[WHAT THIS TASK INVOLVES]: Instruction for the data below: set down exactly the lines from the line with "Otro problema es" to the line with "Figura 3. Aldea", inclusive, and no others.

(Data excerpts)
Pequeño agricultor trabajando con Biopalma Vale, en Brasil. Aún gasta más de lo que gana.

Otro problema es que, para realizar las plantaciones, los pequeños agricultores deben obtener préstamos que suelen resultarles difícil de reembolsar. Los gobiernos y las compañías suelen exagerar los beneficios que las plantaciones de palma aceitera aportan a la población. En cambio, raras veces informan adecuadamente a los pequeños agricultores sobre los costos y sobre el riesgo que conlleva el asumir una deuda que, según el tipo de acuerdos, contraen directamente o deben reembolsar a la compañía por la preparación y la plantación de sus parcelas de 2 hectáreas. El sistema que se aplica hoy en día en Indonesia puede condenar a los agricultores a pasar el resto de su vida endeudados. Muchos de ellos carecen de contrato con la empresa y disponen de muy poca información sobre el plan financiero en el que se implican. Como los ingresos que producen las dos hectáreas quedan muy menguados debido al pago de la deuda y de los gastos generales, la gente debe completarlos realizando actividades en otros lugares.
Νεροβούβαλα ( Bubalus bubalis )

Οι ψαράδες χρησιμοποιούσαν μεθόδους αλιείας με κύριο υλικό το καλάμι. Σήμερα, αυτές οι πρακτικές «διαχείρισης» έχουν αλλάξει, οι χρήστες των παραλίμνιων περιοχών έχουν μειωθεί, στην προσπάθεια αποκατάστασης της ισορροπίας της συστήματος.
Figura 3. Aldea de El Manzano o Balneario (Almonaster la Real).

==

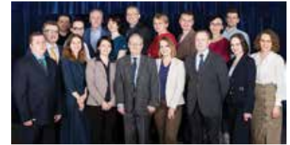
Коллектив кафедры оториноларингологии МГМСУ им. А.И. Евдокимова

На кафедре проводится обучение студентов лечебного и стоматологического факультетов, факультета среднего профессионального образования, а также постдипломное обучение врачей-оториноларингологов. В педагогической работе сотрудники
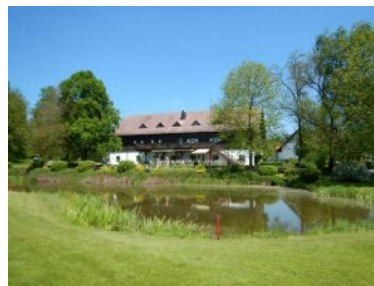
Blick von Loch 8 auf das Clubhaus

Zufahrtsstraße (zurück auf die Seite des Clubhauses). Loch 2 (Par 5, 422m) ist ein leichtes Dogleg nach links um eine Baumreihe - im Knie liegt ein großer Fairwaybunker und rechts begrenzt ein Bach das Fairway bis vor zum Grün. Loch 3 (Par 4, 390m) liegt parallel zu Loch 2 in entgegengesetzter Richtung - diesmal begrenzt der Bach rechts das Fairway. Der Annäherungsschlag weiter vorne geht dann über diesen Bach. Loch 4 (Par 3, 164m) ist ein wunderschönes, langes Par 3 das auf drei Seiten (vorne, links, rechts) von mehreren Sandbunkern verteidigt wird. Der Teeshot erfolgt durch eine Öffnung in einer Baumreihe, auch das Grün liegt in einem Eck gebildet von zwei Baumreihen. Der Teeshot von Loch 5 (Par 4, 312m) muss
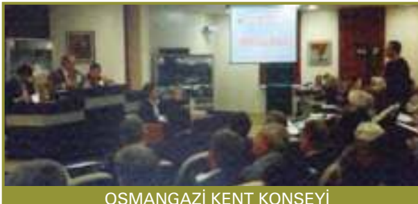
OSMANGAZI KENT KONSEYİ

[RESULT OF THE TASK]:
Otro problema es que, para realizar las plantaciones, los pequeños agricultores deben obtener préstamos que suelen resultarles difícil de reembolsar. Los gobiernos y las compañías suelen exagerar los beneficios que las plantaciones de palma aceitera aportan a la población. En cambio, raras veces informan adecuadamente a los pequeños agricultores sobre los costos y sobre el riesgo que conlleva el asumir una deuda que, según el tipo de acuerdos, contraen directamente o deben reembolsar a la compañía por la preparación y la plantación de sus parcelas de 2 hectáreas. El sistema que se aplica hoy en día en Indonesia puede condenar a los agricultores a pasar el resto de su vida endeudados. Muchos de ellos carecen de contrato con la empresa y disponen de muy poca información sobre el plan financiero en el que se implican. Como los ingresos que producen las dos hectáreas quedan muy menguados debido al pago de la deuda y de los gastos generales, la gente debe completarlos realizando actividades en otros lugares.
Νεροβούβαλα ( Bubalus bubalis )

Οι ψαράδες χρησιμοποιούσαν μεθόδους αλιείας με κύριο υλικό το καλάμι. Σήμερα, αυτές οι πρακτικές «διαχείρισης» έχουν αλλάξει, οι χρήστες των παραλίμνιων περιοχών έχουν μειωθεί, στην προσπάθεια αποκατάστασης της ισορροπίας της συστήματος.
Figura 3. Aldea de El Manzano o Balneario (Almonaster la Real).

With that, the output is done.